En cualquier caso, hasta 1898, Estados Unidos se mantuvo a la expectativa, sobre todo porque su opinión pública no quería una guerra con España. Todo cambió tras la voladura del acorazado Maine que Washington había enviado a La Habana para proteger los intereses estadounidenses. Los medios de comunicación norteamericanos se encargaron de presentar el accidente como un acto intolerable, el colmo de unos crueles españoles que estaban masacrando a los cubanos. El 25 de abril de 1898, Estados Unidos declaraba la guerra a España y se disponía a arrebatarle todas las colonias, no sólo en las Antillas.
La guerra fue desigual. Estados Unidos era la gran potencia emergente, con una gran fuerza militar. España hizo lo que pudo. La flota española fue literalmente borrada del mapa en las batallas de Cavite (en Filipinas) y Santiago de Cuba, donde los norteamericanos hundieron una a una las naves españolas que salían del puerto. En agosto, la contienda estaba finiquitada: el imperio colonial español en América y el Pacífico había desaparecido.
Ninguna potencia europea movió un dedo por España. Francia y Gran Bretaña se frotaron las manos ante las oportunidades que se abrían tras la salida de los españoles de las Antillas y Filipinas. Alemania y Austria-Hungría emitieron comunicados de condena de la intolerable agtesión estadounidense a una nación amiga como era España. Nada más. Era el precio de la ausencia de alianzas fuertes que durante tanto tiempo había evitado Cánovas. Por cierto, Cánovas no vio el desastre pues había sido asesinado junto un año antes, en agosto de 1897. España se vio sola e indefensa cuando se encontró ante una guerra no deseada.
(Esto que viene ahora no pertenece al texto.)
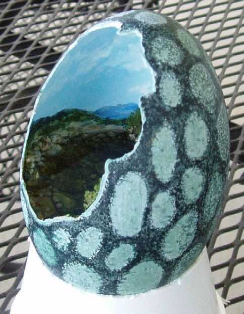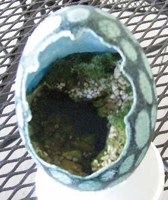 Por cierto, sólo tengo que decir algo bueno sobre la base temporal que estoy usando en este cuadro. Comenzó vida como un tazón de tecnopor en mi cafetería de la oficina. Cortó la parte inferior, vuelta boca abajo y listo, una base muy segura en unos 30 segundos. Realmente entretuvo la idea de utilizar como base para una base permanente para el huevo. Entonces vino a mí que una corona de ramas poco sería mucho más apropiada, si menos estable. Ahora, sé que he visto toneladas de ellos en todos los tamaños imaginables, pero cuando fui a todas las tiendas imaginables en busca de uno, no tienen nada que habría trabajado para mi huevo. Mordió la bala, compró algunas ramitas, algunos rafia teñida de marrón y una corona pequeña "basan", también twiggy y hacen mi propia. Mientras que no era tan bonito como lo que imaginaba, trabajó para mirar como un nido cuando fui al parque a tomar fotografías del huevo terminado.

A final de año, se firmó la Paz de París en la que se cedieron Filipinas, Guam y Puerto Rico a Estados Unidos. También se reconoció la independencia, más teórica que real, de Cuba, que a partir de entonces sería un protectorado de Washington. Sólo le quedaban a España las diminutas islas del Pacífico (las Marianas y las Carolinas). ¿Qué hacer con ellas? Aquellos minúsculos territorios ni eran importantes ni productivos pudiendo traer más problemas que beneficios. El gobierno de Silvela los vendió a Alemania por veinte millones de pesetas, poniendo fin a trescientos años de presencia española en el Pacífico.
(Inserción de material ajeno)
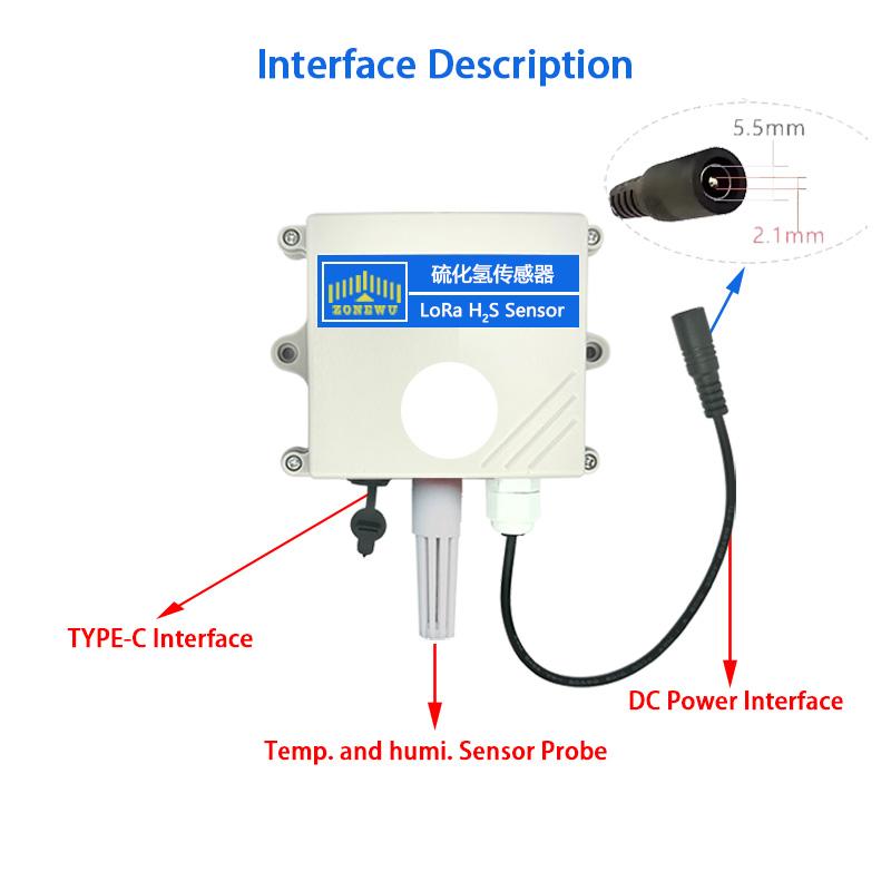 ZONEWU Wireless LoRaWAN Thi Produk ini dilengkapi dengan sensor H2S dan sensor suhu dan kelembapan.

El "Desastre del 98" evidenció la decadencia española en el concierto de las naciones. El sentimiento de Cánovas era cierto: España no podía mantener unas colonias tan dispersas creía el estadista española y, en verdad, no pudo. El sentimiento de humillación fue más grande que las consecuencias económicas de la pérdida de las colonias. Muchos intelectuales apostaron por la regeneración del país. "Pan, escuela y doble llave al sepulcro del Cid" dijo Joaquín Costa. En otras palabras, desarrollo y progreso siguiendo el modelo europeo olvidando el glorioso pasado imperial que ya no existía. Pero el progreso resultaría difícil, al menos, de momento.